General characteristics
- Tonnage: 318
- Propulsion: sail

= USS Amazon =

USS Amazon was a wooden-hulled bark of 318 tons that had previously sailed as a whaler out of Fairhaven, Massachusetts.

During the beginning of the American Civil War, she was one of the older vessels and hulks chosen by the Union Navy to be sunk in selected waterways and harbors of the Confederate States of America in order to create underwater obstructions and hazards that could damage and prevent Confederate ships from attempting to "run" the Union blockade.

== Purchased in Massachusetts in 1861 ==

During the first year of the American Civil War, she was purchased for $3,675 by the Union Navy at Fairhaven, Massachusetts, on 30 October 1861, for the Stone Fleet.

== Assigned to the stone fleet ==

Amazon was to be laden with stone and sunk as an obstruction blocking the channel of Savannah, Georgia. She took on 325 tons of stone which had been purchased from nearby farms and sailed south on 20 November with the first contingent of stone whalers.

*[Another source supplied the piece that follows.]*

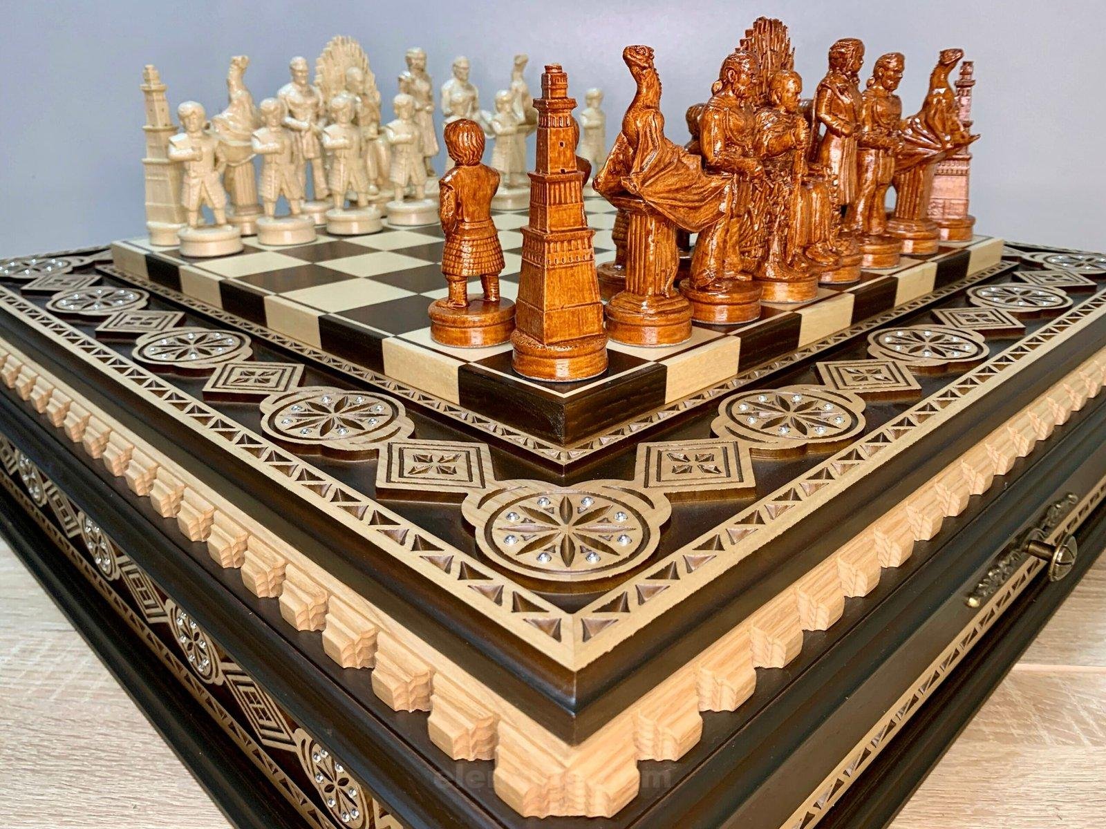 This chess set will be the centerpiece of any collection. The handcrafted natural wood board is made in brown tones and decorated with delicate light carvings and inlaid with decorative beads. Two pull-out drawers with a soft velvet lining allow you to neatly store the pieces, protecting them from damage. The set includes 32 unique maple chess pieces inspired by the Game of Thrones universe: Jon Snow, Daenerys, Dragon, Drogo and Tyrion. Each piece is crafted with premium detailing – from facial features to costume elements, making this set not only a gaming accessory, but also a true work of art.
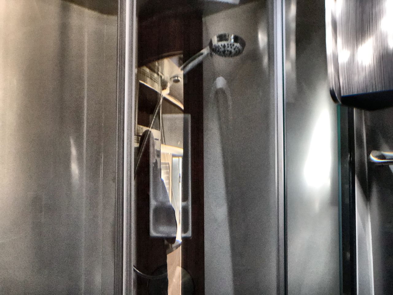 The full bathroom spans the entire rear of the RV, offering a spa-like retreat with a spacious shower featuring a teak inlay, a porcelain toilet, and a large vanity with a mirrored cabinet. A cedar-lined closet inside the bathroom provides ample storage, and a single door closes off the space for privacy.

Upon her arrival at Savannah early in December, she found that the defenders of that port had themselves, already blocked the channels of the harbor with sunken hulks in the hope of barring the approach of a Northern invasion fleet.

Since the mission of the Yankee whalers at Savannah had already been carried out—albeit by Confederate forces -- Amazon and her sister ships moved to Charleston, South Carolina, where they were sunk across Charleston's main channel on 19 and 20 December 1861.